Australasian College for Emergency Medicine
- Abbreviation: ACEM
- Formation: 1981; 45 years ago
- Headquarters: Melbourne, Australia
- Region served: Australia and New Zealand
- Staff: 95 (2019)
- Website: acem.org.au

= Australasian College for Emergency Medicine =

Australian and New Zealand organization

The Australasian College for Emergency Medicine (ACEM), based in Melbourne Australia, is the not-for-profit organisation responsible for training emergency physicians and advancement of professional standards in emergency medicine in Australia and New Zealand. The College is recognised by the Australian Medical Council and Medical Council of New Zealand as such and provides services for approximately 2700 Fellows and 2600 Trainees.

==Role==
As an educational institution, ACEM's prime objective is the training and examination of specialist emergency physicians for Australia and New Zealand. ACEM was established in 1981, incorporated in 1984, and with Foundation Editor George Jelinek began publishing "Emergency Medicine in Australasia" in 1989. On the 8th of August 1993 the Australian Minister for Health approved the recognition of emergency medicine as a principal specialty, making it one of the youngest medical specialties in Australia. In New Zealand, emergency medicine was recognised as a medical specialty in November 1995.

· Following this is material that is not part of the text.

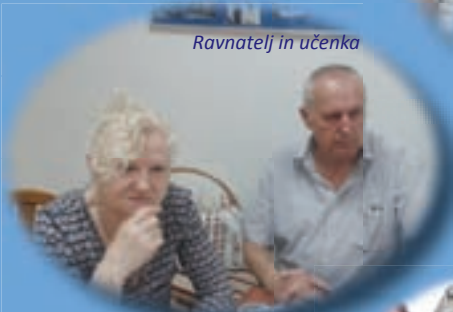
Ravnatelj in učenka

Its principal role is oversight of emergency medicine specialist training through the setting of standards and administration of assessment to ensure that trainees meet these standards. Admission to Fellowship of the Australasian College for Emergency Medicine requires satisfactory completion of a minimum of seven years of post-graduate medical training, including multiple examinations and presentation of a research project (or equivalent coursework). Maintenance of Fellowship requires ongoing professional training as evidenced by the Continuing Professional Development (CPD) program which the College also administers.

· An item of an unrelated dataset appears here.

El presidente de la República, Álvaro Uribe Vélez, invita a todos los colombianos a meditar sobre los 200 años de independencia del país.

ACEM has a wide range of subsidiary objectives relating to emergency department accreditation, policies and standards for the emergency medical system, teaching and research, publication, and those aspects of the medico political framework that have a direct impact on health outcomes for emergency patients.

==Criticism==
In late January 2017, ACEM was publicly criticised for passing only 6.8% of non-white applicants whereas 88% of white caucasians passed in one particular batch. A lecturer at the college, Associate Professor Dr Bob Dunn of Royal Adelaide Hospital was reported as responding that overseas trained doctors lacked the training to meet Australian requirements, relying on rote learning. They needed "tough love", he said. Some medical professionals pointed out many of the “non-white” doctors were born and bred in Australia, but still found themselves facing minuscule pass rates. The college initiated an inquiry through an expert advisory group chaired by Dr Helen Szoke to look into the matter. The terms of reference from the college stated that "Discrimination has no place in the College and its role in emergency medicine training and education. The College recognises that discrimination can have a serious impact on those affected by it: it demeans the worth of individuals; it prevents our people from reaching their true potential; and it causes the loss of highly desirable talent from our profession. The College accepts readily its responsibility to eliminate discrimination in its processes."